DeepMind's AI Learned How To Turn Flat 2D Images Into 3D Scenes

Space is the dimensions of height, depth, and width. Those three variables can be represented as a 3D model, in which all things exist and move.

Humans can easily understand the definition of space, because we live inside it. Humans for example, when shown a picture of a living room, can quickly see a table in middle of a room with a tree on the outside behind the window.
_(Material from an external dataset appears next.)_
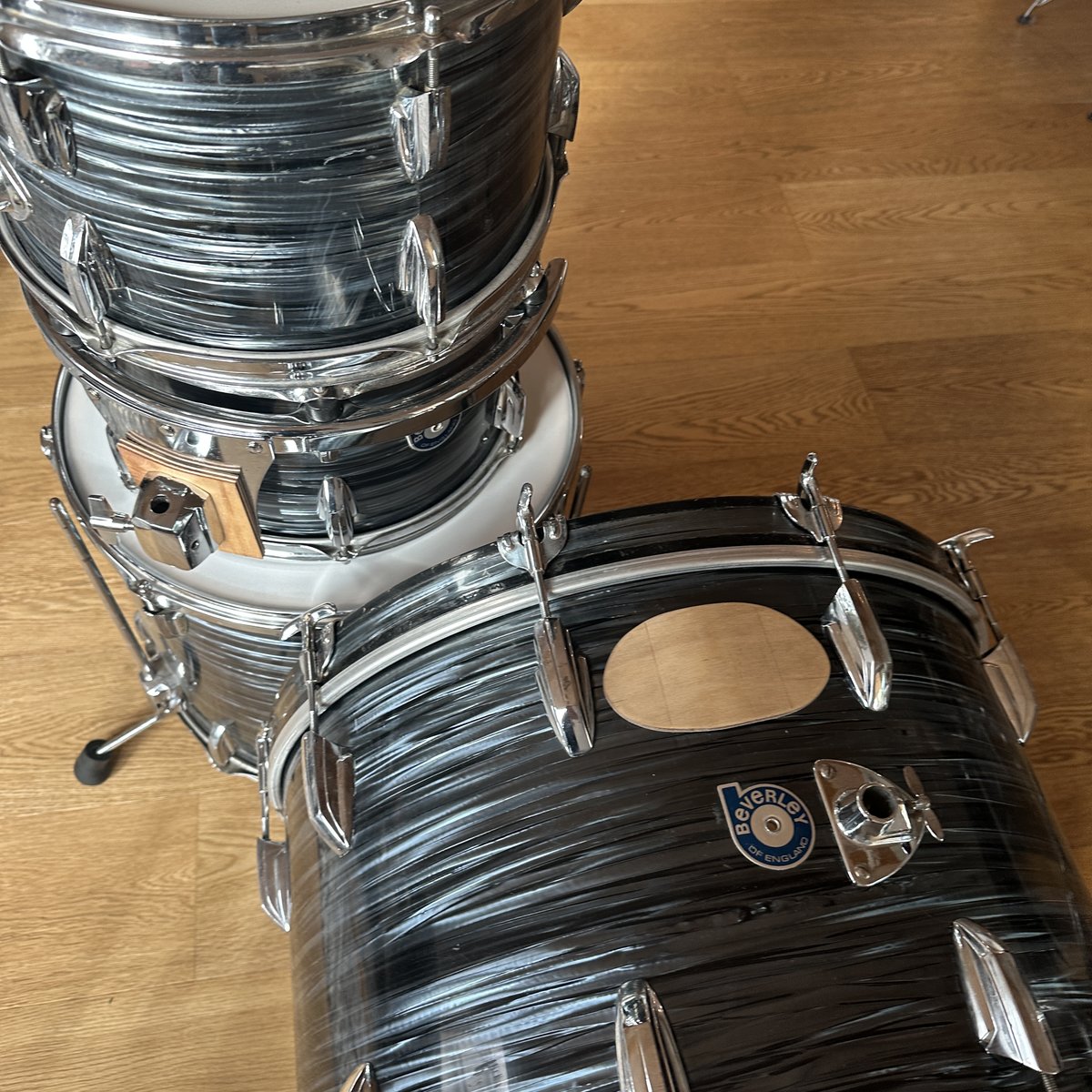 Beverleyn setti jostakin 60-70-lukujen vaihteesta. Rungot skandikoivua, paitsi lattiatom joka mahonkia¤. Beverleyllä oli tapana miksailla puulaatuja jollakin logiikalla. Basarin wräppi haljennut yhdestä kulmasta ja se on paikattu. Wräppi on hieno Grey Silk Pearl, mutta valitettavasti sen saatavuus on nolla. Tomipidikkeet jääneet matkalle, ja 12-tuumaiseen on vaihdettu vähän epäelegantisti Rims Taman pidikkeellä. Rimsiä lukuunottamatta muita telineitä ei tule mukaan, ei myöskään kuvissa näkyvä virveli. Settejä on liikaa joten tämä nyt sopivasti 450 eurolla. Hinta: 450 € | |

This ability is simple for us, enabling us to understand the world, and navigate it right from the start.

Computers vision system don't have this intuitive understanding of space, until Google's DeepMind shows that computers can indeed be taught.

DeepMind, which is Google's UK-based sister company, has developed an AI that can render entire scenes in 3D, after only observing them as flat 2D images.

To do this, the researchers trained the AI to guess how things look from angles that hasn't been seen.


Usually, in order to make computers understand 3D, something that human brain does effortlessly, researchers need to give the AI a huge amount of carefully labelled data. And still, the neural network would often have troubles in applying the lessons learned from one scene to another.

The challenge here for DeepMind, was to make the AI to understand the surrounding, without all the hard work.

The researchers came up with a Generative Query Network (GQN), which is a neural network designed to teach AI how to imagine what a scene of objects would look like from a different perspective. It consists of two neural networks: the first learns from the images and the second generates the new perspectives.

This neural network differs from others because it is programmed to observe its surroundings, and train only on that data - not on data inputted by researchers.

As a result, GQN can learn to make sense of the world, and capable of applying the knowledge to new series without much of a problem.

And the best of all, the AI's approach does not require domain-specific engineering or time-consuming human-labelled input or previous knowledge.


The team generated 3D virtual spaces from vectors, and then created single-frame 2D images of them for the AI to analyze.

After exposing the GQN to controlled environments with millions of 2D images to teach the AI about textures, colors, and lighting of objects independently of one another and the spatial relationships between them, the researchers exposed it to randomly generated ones. By looking at only as little as three 2D images, the AI was able to imagine the scene from different angles and create a three-dimensional rendering of those images.

In DeepMind's case, the team simulated a virtual robot arm, a block-like table, and a simple maze. The AI can also understand the lines making up the cube, as well as the lightning and shadows that would change when looked at a different position.

It also was able to identify and classify the objects within its renderings, as well as make inferences based on what it can see to figure out what it can't.

"Much like infants and animals, the GQN learns by trying to make sense of its observations of the world around it."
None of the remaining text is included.